As an entrepreneur, you do know that marketing is paramount to your business. It literally pulls your business along and makes you money. It only makes sense then that you put in a lot of effort into marketing. No wonder that after all the effort, you’d see no results. Here are some ways to squeeze the most out of your marketing dollar:
Try everything, use what works
There’s traditional offline advertising and there’s online advertising. Each of these primary methods of marketing has a gazillion ways of marketing within each. So which marketing methods should you be using? You have no way to know until you test to see what works for your business.
Online marketing has a way to allow you to precisely know how your campaigns are working. You can do the same with offline marketing by using key codes, special tracking methods such as attributing special callback numbers on your promotional items like bags, USB sticks, etc.
Establish Marketing metrics
If you don’t know where you are going, you could go anywhere and that could be down south. It’s important to establish metrics for everything you do in business. Metrics are a fancy way of saying that you should be able to measure whatever you can. Measurements are a good way to track progress.
For example, if you sent out an email with a call-for-action such as to buy your product for 30% off this month, how many people was the email sent to? How many people clicked it open? How many prospects actually purchased?
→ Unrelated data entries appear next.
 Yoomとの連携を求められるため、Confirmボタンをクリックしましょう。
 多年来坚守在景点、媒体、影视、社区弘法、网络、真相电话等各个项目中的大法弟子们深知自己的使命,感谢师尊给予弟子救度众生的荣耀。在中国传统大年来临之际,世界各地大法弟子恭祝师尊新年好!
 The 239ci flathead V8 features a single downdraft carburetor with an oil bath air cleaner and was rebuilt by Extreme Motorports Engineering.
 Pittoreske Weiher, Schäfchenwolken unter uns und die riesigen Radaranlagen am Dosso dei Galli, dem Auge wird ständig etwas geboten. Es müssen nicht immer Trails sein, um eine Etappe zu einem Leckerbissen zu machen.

You get the point, don’t you?
Track everything
It only makes sense to track whatever it is that you want to measure. Let’s say you sent out promotional bags with a special phone number printed on them. Or maybe you distributed coupons. How many people responded this month? Once you get these numbers, you can check for responses each month and that’s tracking. Once you get the hang of it, for every month, you know what to do next.
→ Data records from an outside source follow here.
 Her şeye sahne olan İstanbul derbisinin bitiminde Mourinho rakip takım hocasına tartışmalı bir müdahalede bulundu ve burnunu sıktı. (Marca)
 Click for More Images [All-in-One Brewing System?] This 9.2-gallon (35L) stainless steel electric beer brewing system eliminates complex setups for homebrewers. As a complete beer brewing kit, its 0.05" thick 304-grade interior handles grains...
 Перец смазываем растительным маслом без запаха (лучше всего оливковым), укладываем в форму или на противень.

Follow-up like your life depends on it
What’s the point in working hard-to-set-up campaigns and not follow up? Historically, research has proven that most prospects don’t make decisions immediately and are likely to make decisions only after effective follow-ups. That’s why you should call back to find out if your prospects received your promotional stationery (1st follow-up), for instance. Call up a week later to gently guide the prospects to your next step (2nd-follow up). Follow-up is a part of the process. Not doing it isn’t completing the sales cycle.